It is a proclamation of deliverance to the children of men from evils that are by far the greatest that ever mankind are exposed to: evils that are truly infinitely dreadful, such as the guilt of sin, captivity and bondage to Satan, the wrath of God and perfect and everlasting ruin and misery.

If we compare these things with things that are infinitely less in degree, it may serve to give us some idea of the joyfulness of these tidings.

We may conceive something of the joy that would arise in the heart of one that had wandered deep into a desolate wilderness, and who should hear the voice of a dear friend that is come to seek him, calling to him.

Or if a company were shipwrecked in the midst of the wide ocean, and suddenly saw a ship approaching them.

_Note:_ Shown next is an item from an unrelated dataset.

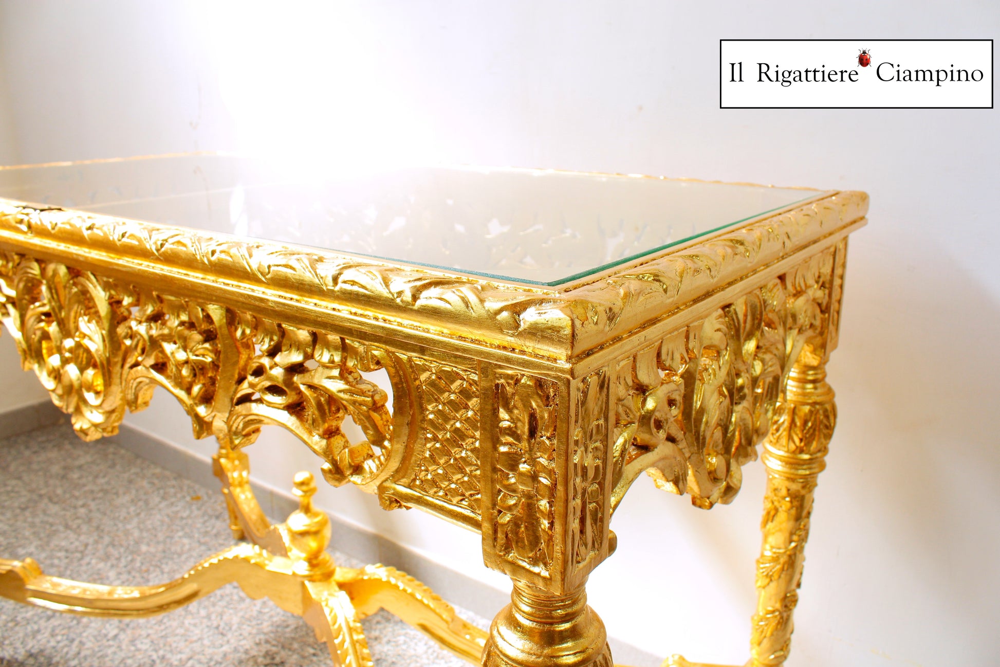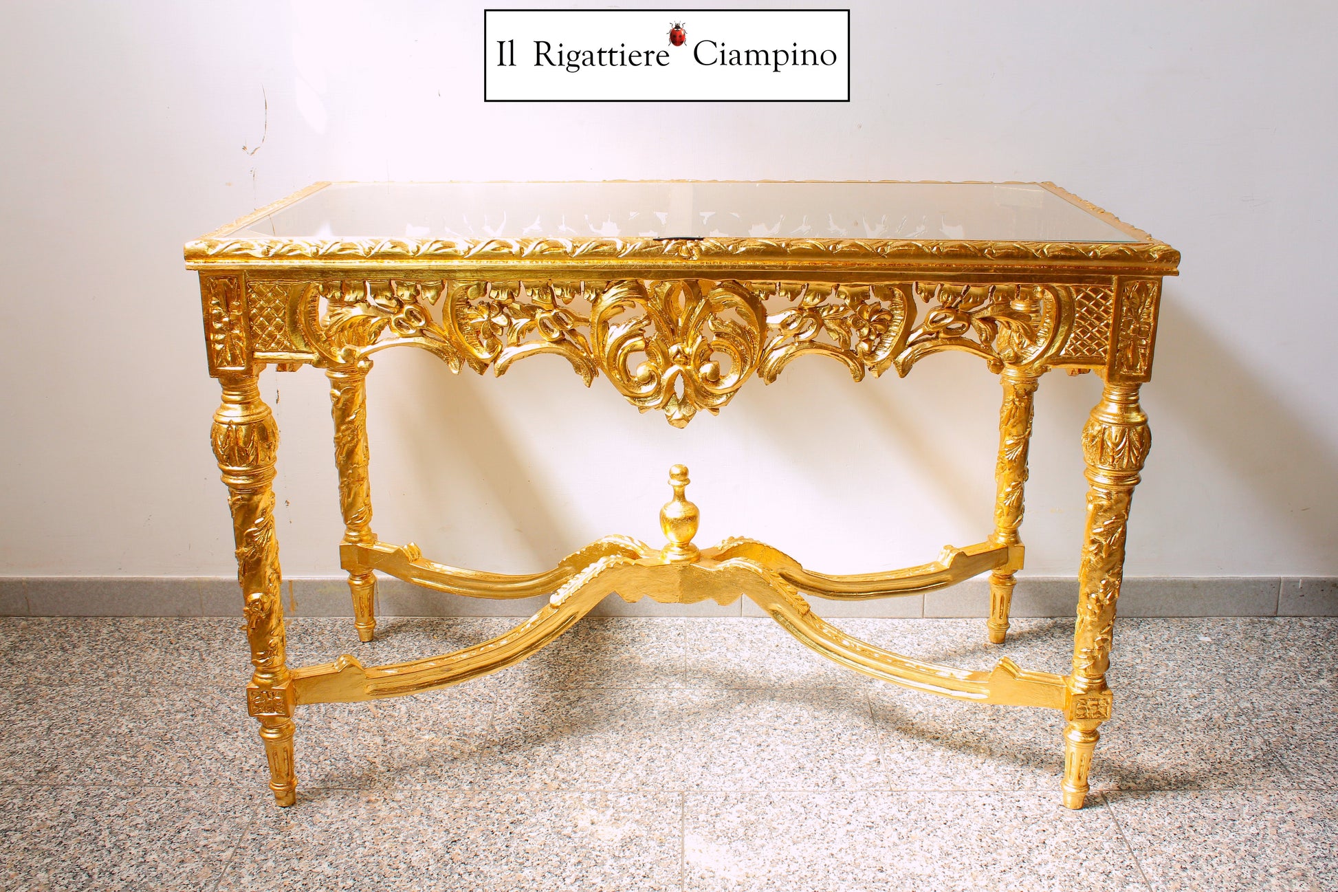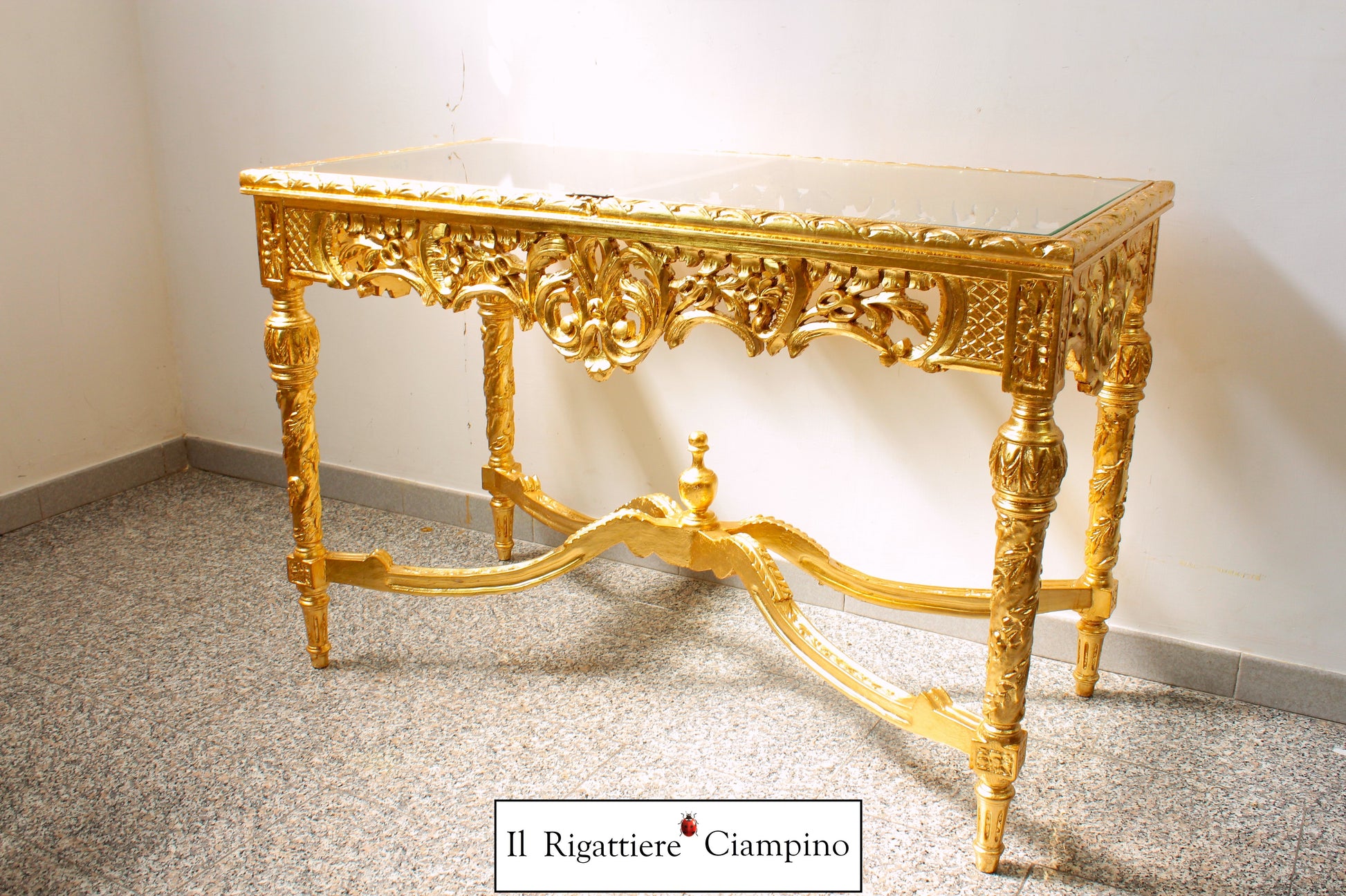 Il Rigattiere Ciampino propone una bellissima postazione manicure in stile barocco con piano in vetro. Un tavolo per chi vuole un centro estetico senza compromessi! Questo tavolo manicure farà brillare il tuo negozio, grazie alla sua struttura in foglia oro!

Or if one had been taken captive and was in the hands of most cruel savages at a great distance from all his friends, and saw himself devoted by them as a sacrifice to their cruelty and then a valiant and victorious deliverer should appear for his rescue.

But the deliverance which we have by Christ is infinitely greater.”

–Jonathan Edwards, “Of Those Who Walk In The Light Of God’s Countenance” in Sermons and Discourses, 1743-1758, The Works of Jonathan Edwards, Vol. 25. Ed. Wilson H. Kimnach (New Haven: Yale University Press, 2006), 702, 703-704.